— RECORDS SUPPLIED —
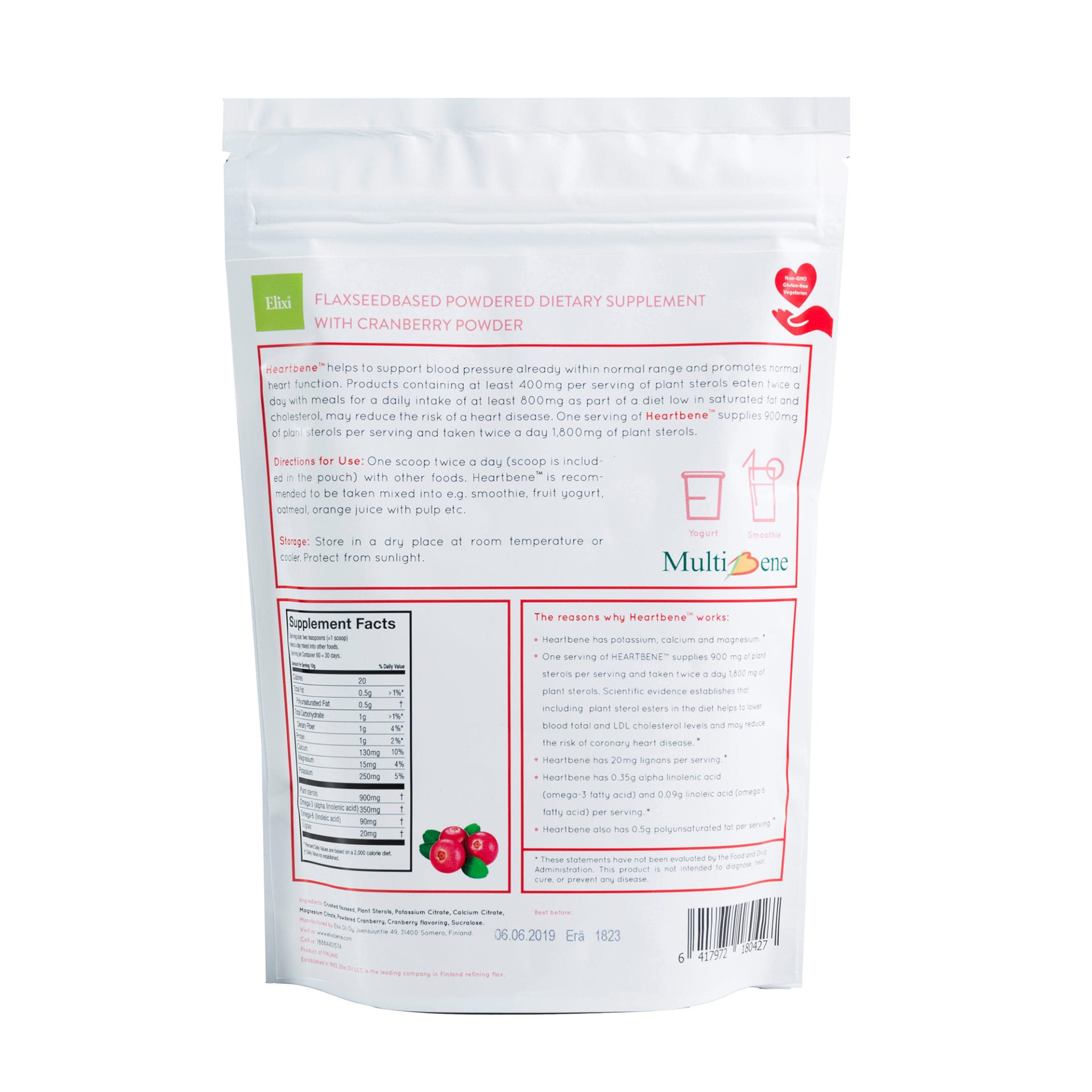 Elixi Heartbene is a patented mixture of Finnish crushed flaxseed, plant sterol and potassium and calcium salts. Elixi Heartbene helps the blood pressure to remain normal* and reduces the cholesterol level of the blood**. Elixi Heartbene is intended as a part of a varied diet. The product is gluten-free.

...

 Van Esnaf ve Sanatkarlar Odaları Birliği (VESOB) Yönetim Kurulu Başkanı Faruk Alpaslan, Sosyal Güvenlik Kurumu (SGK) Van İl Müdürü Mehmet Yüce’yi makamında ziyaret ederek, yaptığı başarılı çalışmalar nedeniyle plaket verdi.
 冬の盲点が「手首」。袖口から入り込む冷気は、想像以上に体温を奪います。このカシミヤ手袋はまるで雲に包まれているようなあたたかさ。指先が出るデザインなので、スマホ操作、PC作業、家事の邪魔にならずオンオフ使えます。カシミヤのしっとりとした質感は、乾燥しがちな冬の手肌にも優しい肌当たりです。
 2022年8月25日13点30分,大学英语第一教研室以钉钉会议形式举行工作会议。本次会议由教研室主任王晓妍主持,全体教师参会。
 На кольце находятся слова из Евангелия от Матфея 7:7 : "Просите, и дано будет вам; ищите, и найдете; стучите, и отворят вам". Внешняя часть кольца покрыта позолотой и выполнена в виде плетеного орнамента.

--

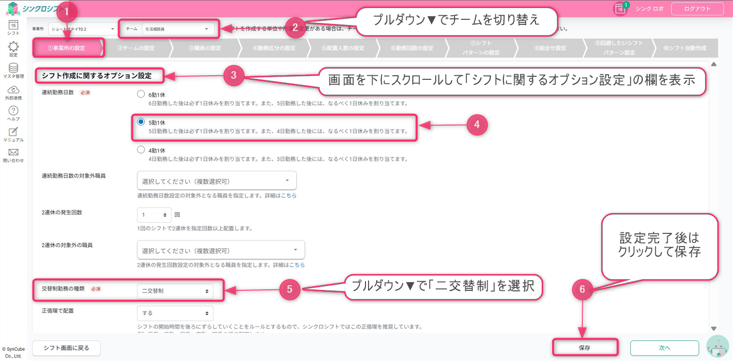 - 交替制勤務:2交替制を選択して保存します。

— PROBLEM TO SOLVE —
Take from the material above the lines running from the one with "Van Esnaf ve" through the one with "На кольце находятся", and repeat them exactly, with nothing else.

— ANSWER —
 Van Esnaf ve Sanatkarlar Odaları Birliği (VESOB) Yönetim Kurulu Başkanı Faruk Alpaslan, Sosyal Güvenlik Kurumu (SGK) Van İl Müdürü Mehmet Yüce’yi makamında ziyaret ederek, yaptığı başarılı çalışmalar nedeniyle plaket verdi.
 冬の盲点が「手首」。袖口から入り込む冷気は、想像以上に体温を奪います。このカシミヤ手袋はまるで雲に包まれているようなあたたかさ。指先が出るデザインなので、スマホ操作、PC作業、家事の邪魔にならずオンオフ使えます。カシミヤのしっとりとした質感は、乾燥しがちな冬の手肌にも優しい肌当たりです。
 2022年8月25日13点30分,大学英语第一教研室以钉钉会议形式举行工作会议。本次会议由教研室主任王晓妍主持,全体教师参会。
 На кольце находятся слова из Евангелия от Матфея 7:7 : "Просите, и дано будет вам; ищите, и найдете; стучите, и отворят вам". Внешняя часть кольца покрыта позолотой и выполнена в виде плетеного орнамента.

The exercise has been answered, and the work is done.